British Land Is Buying Retail Parks Because We're Not Making Any More Of Them
British Land continues to look for retail park acquisitions across the UK, although the property giant believes that the London and south-east markets are overheated, according to Head of Retail Parks Asset Management Matt Reed.
Speaking as the company offered an update on its retail park strategy at its Nugent Shopping Park in Orpington, Reed said a growing number of funds was circling the sector because of its high occupier demand and low vacancy rates.
However, he said that with the cost to build remaining higher than the cost to acquire, British Land continued to seek opportunities to buy parks with strong trading performance and good catchments away from the south-east.
“With tight planning restrictions as they are, it is almost certain that few if any further retail parks will be given planning permission in the future,” he said. “Our estimate is that less than 5% of the current retail park stock has been built in the past decade and future supply will be severely restricted.”
British Land estimates that the entire retail park stock across the UK is around 120M SF, but removing standalone bulky goods units and smaller schemes of just two or three units, that total falls to around 80M SF.
The company owns 25 schemes nationally, which it divides among retail warehousing, hybrid retail parks such as Nugent, which mix fashion and do-it-yourself, and shopping parks like Fort Kinnaird in Edinburgh, ranked fourth nationally by sector specialist Trevor Wood Associates.
Reed said the lack of new supply and average vacancy rates of 1% across its estate meant that “rental tension” was high, with a growing number of retailers seeking sites within prime retail parks and aware that little new supply is in the pipeline.
“Because of that, there is increasing competition to acquire well-located retail parks, and while most of the funds seem to be focused on the south-east, we are geographically agnostic, so long as any possible acquisition site meets our investment criteria,” he said.
Traditional retail park tenants such as the DIY and furniture and homewares retailers have been joined by a wide range of retailers, from fashion to food.
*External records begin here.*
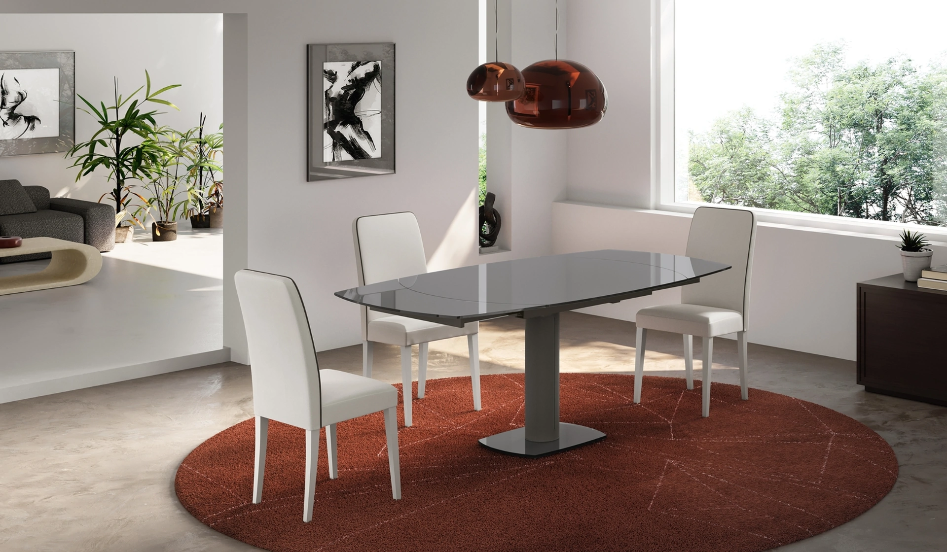 Vuoi arricchire spazi moderni? Ottieni informazioni sui tavoli moderni allungabili: il modello da pranzo Kyoto Glass ti sta aspettando.
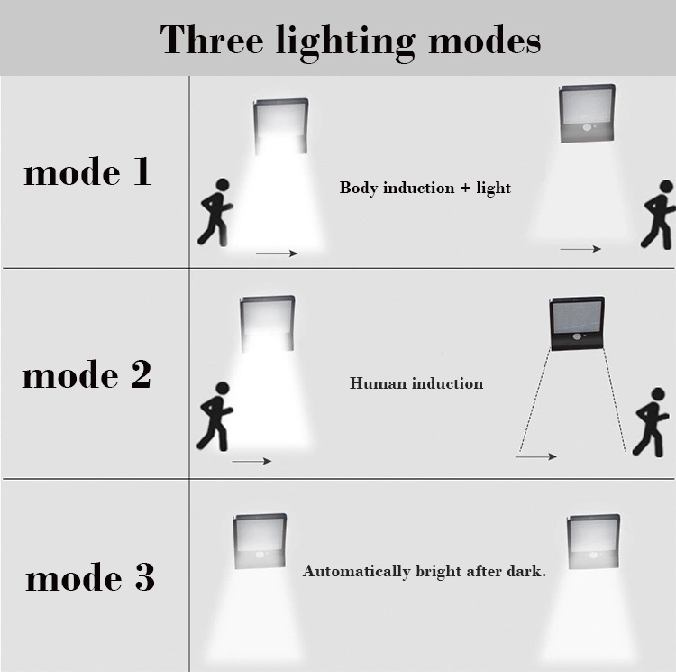 ▶ 3 Optional Modes & 2 ways to install-Auto on at dusk and switch to induction model after 3 hours; highlight when motion detected, lunar/off when people go away after 15 seconds. One way is directly install the light on the wall, another way is extend a pole to stall.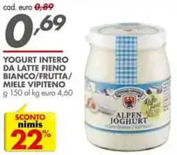 | Yogurt intero da latte fieno bianco/frutta/ miele vipiteno 150 g | Italmark | €0,89 | €0,69 | -22% | 10 dicembre 2025 | 06 gennaio 2026 | |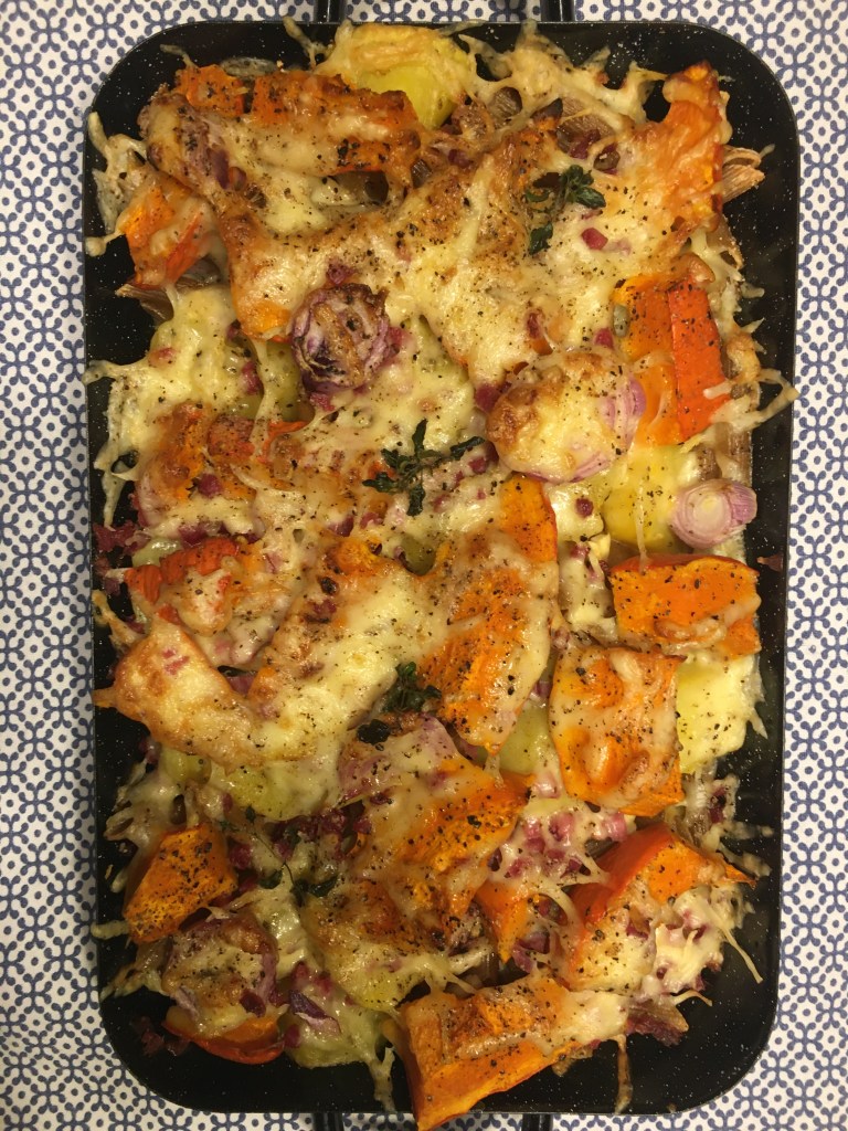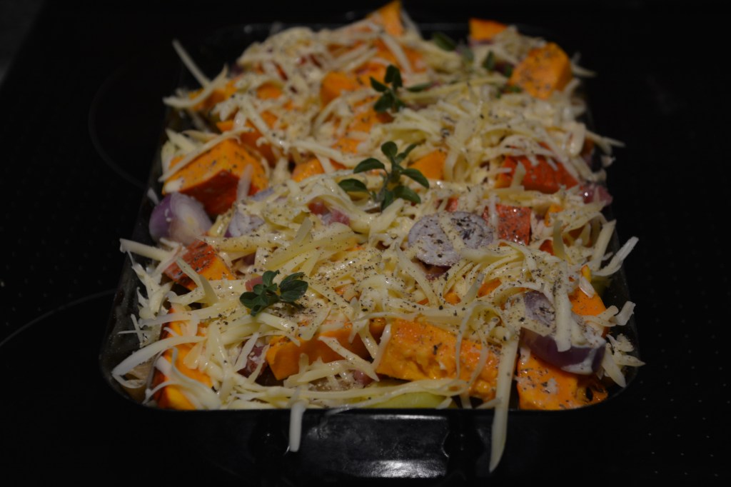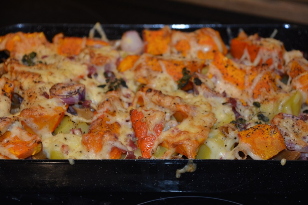 Zutaten: 1 kg Kürbis, 400 g Kartoffeln, 150 g klein gewürfelter Schinken, 100 g geriebener Gruyere, 1 Zwiebel, 1 Zucchini, Salz, Pfeffer, Majoran; Guss: 2 Eier, 100 ml Sahne, 100 g Mascarpone, Salz, Pfeffer; Gemüse in Würfelnden schneiden, Kartoffeln 10 Minuten köcheln, Backofen auf 200 Grad vorheizen, Guss vorbereiten, gut würzen, Käse reiben, Gratinform einfetten, Kürbis-Kartoffel-Zucchini-Zwiebel-Schinken-Mix und Käse in der Form verteilen, Guss darüber giessen; 30 Minuten backen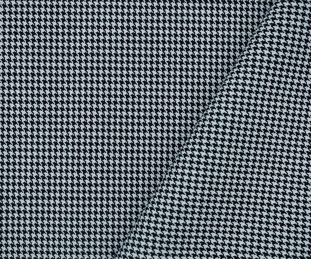 Black-Light Blue Wool-Polyester Houndstooth Woven Suiting Fabric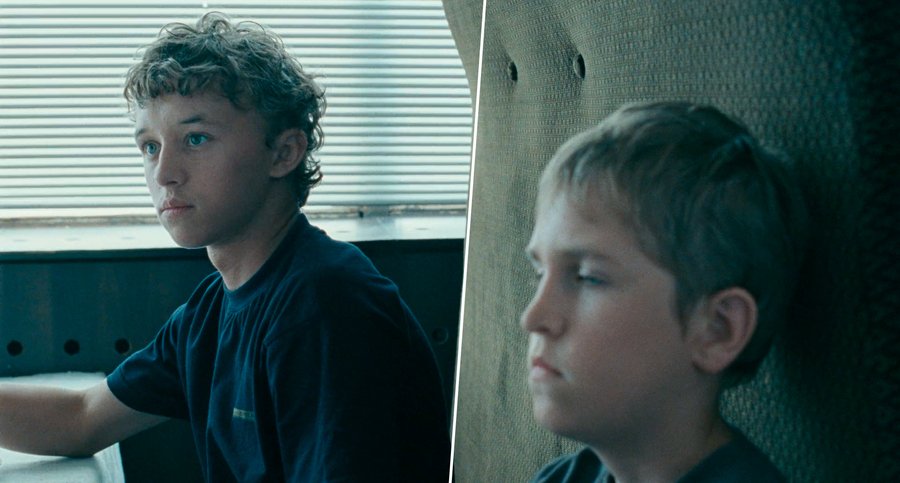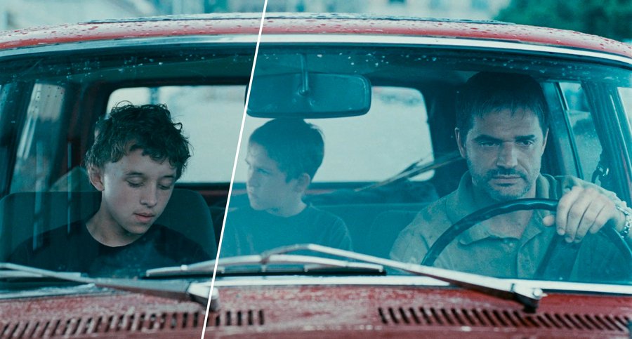 Фильм построен на умышленном нарушении равновесия. Отец почти всегда доминирует в кадре: он крупнее, находится выше, на переднем плане. Например, сцена в машине: отец за рулем, его фигура массивна и занимает значительную долю пространства. Этот визуальный дисбаланс — прямая метафора власти отца и эмоционального напряжения между персонажами.

Reed also pointed to a growing interest from healthcare providers such as testing specialists and dental practices, typically looking for 2,500 SF to 5K SF units.
Trevor Wood Associates in its recent report on the sector said that Pure Gym, Home Bargains, B&M, Poundland and Lidl were the top five lessees in 2023, with B&M now second only to DIY giant B&Q for total space occupied in retail parks.
“In addition, as most schemes are circa £25M to £50M in lot size, they are a liquid and very tradeable asset class,” Reed said.